What in a word, conventional art can not accomplished is: (1) makes full use of the peculiar property of amorphous diamond; (2) provide and have more the area that field emission can take place that disperses; And (3) provide sufficiently high emission location density (being smaller particles or crystallite) to produce electronics emission more equably from each negative electrode location, only needs a low-voltage source to produce electronics simultaneously and launch required electric field.
General introduction of the present invention
According to one embodiment of present invention, provide a kind of method of making display cathode, it comprises the step that forms a conductor wire that is adjacent to substrate surface and forms the step in the amorphous diamond district of a selected part that is adjacent to this conductor wire.
According to another embodiment of the invention, the method that provides a kind of making to be used for the minus plate of two utmost point display units, it comprises the steps: to form first conductive material layer that is adjacent to a surface of substrate.This first conductive material layer is formed pattern and etching, determines a plurality of negative electrode bands that separated by basal area.In connection with negative electrode band and substrate spacer region, form one second conductive material layer.Then, form a mask in connection with second conductive material layer, this mask contains a plurality of definite openings that form the position of a plurality of spacers that are used for.Then selected material is incorporated in these openings, to form a plurality of spacers.Then, remove the some parts of second conductive material layer selectively, to expose some surface areas of negative electrode band.At last, in the selected part of cathode strip belt surface, form a plurality of amorphous diamonds launch site.

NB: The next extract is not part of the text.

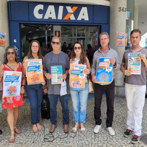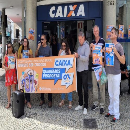 Atos e manifestações diversas marcaram a manhã desta terça-feira (7). Isso porque a Caixa Econômica Federal se nega a apresentar uma proposta de custeio do plano de saúde que valorize as empregadas e empregados.

According to still another embodiment of the invention, provide a kind of method of pixel of making three utmost point display cathodes, it comprises the steps: to form a conduction band on a surface of substrate.Be adjacent to this conduction band and form an insulation course.Be adjacent to this insulation course then and form a conductive layer, and this conductive layer is formed pattern and etching, to form a plurality of openings that expose some parts on the conductive layer.Corrode by these openings,, thereby form the sidewall of each opening with some parts from the bottom etching isolation layer.At last, the expose portion at the conduction band forms the amorphous diamond district.
According to still a further embodiment, provide a kind of method of making three utmost point display cathode plates, it comprises the steps: to form a plurality of spaced-apart conduction bands on a surface of substrate.Form an insulation course in connection with these conduction bands, form a conductive layer in connection with this insulation course then.Insulation course and conductive layer are formed pattern and etching, to form a plurality of openings that expose the some parts of conduction band.Corrode with some parts by opening, thereby form the sidewall of each opening from the bottom etching isolation layer.At last, the expose portion at the conduction band forms the amorphous diamond district.

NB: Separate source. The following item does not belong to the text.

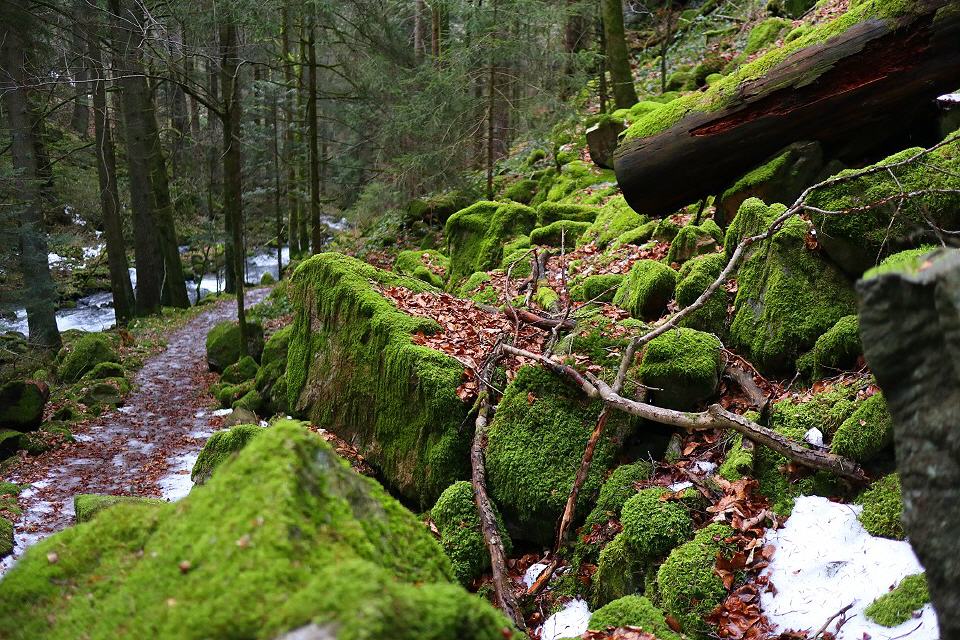 Die wenig bekannte Teichschlucht zwischen Gütenbach und Simonswald hat es ganz schön in sich. Sie ist wild und bietet spektakuläre Abschnitte. Wer sie durchschreitet (oder besser durch klettert), sollte in jedem Fall trittsicher sein und über eine gute Kondition verfügen. Erreichbar ist die Teichschlucht am besten über den Wanderweg ab Gütenbach (Wanderparkplatz Felsenkeller). Von dort geht es auf einer Fahrstraße etwa einen Kilometer bergab bis zum Ende der Sackgasse.

These embodiment of the present invention compare with the flat-panel monitor element of conventional art has some important advantages.Embodiments of the invention have made full use of the peculiar property of amorphous diamond.Also have, embodiments of the invention make field-emissive cathode have the area that can produce field emission that more disperses.Have, embodiments of the invention have provided sufficiently high emission location density again, make can to produce more uniform electronics emission from each negative electrode location, launch the source of needed electric field and only need low-voltage source and be used for producing electronics.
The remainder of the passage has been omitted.